This cover photo is of a quilt called My Small World by Jen Kingwell. I taught this as a class at the shop several years ago. At least 4. I’d have to go look but it’s close to that. I never finished it. I got to the last part of the last section and when I encountered a problem I just stopped.

Thanks to some friends, I got it out over the weekend and finished that last section and put the top together. I know where the problem is, and if a quilter looks really closely at the pattern, then at my quilt, they will know where the problem is too, but to most observers, it’s done and complete. It occurs to me that this quilt is now the embodiment of a very valuable life lesson.

How many times in life have I stopped short because what I was doing wasn’t perfect or didn’t meet the wild expectations I had in my head? I’m afraid to try to count that, because it will be a large number. How many things did I stop because it wasn’t going my way, or I didn’t get it as fast as I thought I would. How many opportunities for success did I pass up because the success didn’t look exactly the way I expected that it would? I almost don’t want to think about it, but I should.
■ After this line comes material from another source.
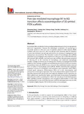 distributed under the terms of the Keywords: PEEK; 3D printing; Pore size, Macrophage, Osseointegration

I’m finding a lot of things around the house and in the sewing room where I got to over 90% of the way done and then just stopped. Some of the projects I can look at and I know why I stopped but for the majority it was because I was so overwhelmed by the 90% effort that I didn’t have the 10% left. In my head somehow that last 10% was going to be as taxing as the first 90% is. Irrational, I know but there it is. I need to work on getting myself through that last 10%. There is so much opportunity in that last 10%.

I’m finishing this quilt this weekend and I’m going to hang it in the sewing room. There’s a big wall space that is perfect for it and it is good for me to have the visual reminder of how close I was to something pretty neat before I just stopped. A reminder that the last 10% is worth it. A reminder to dig in my UFOs and see how many other wonderful things are just 10% away from being amazing.

Maybe I’m also 10% away from being amazing?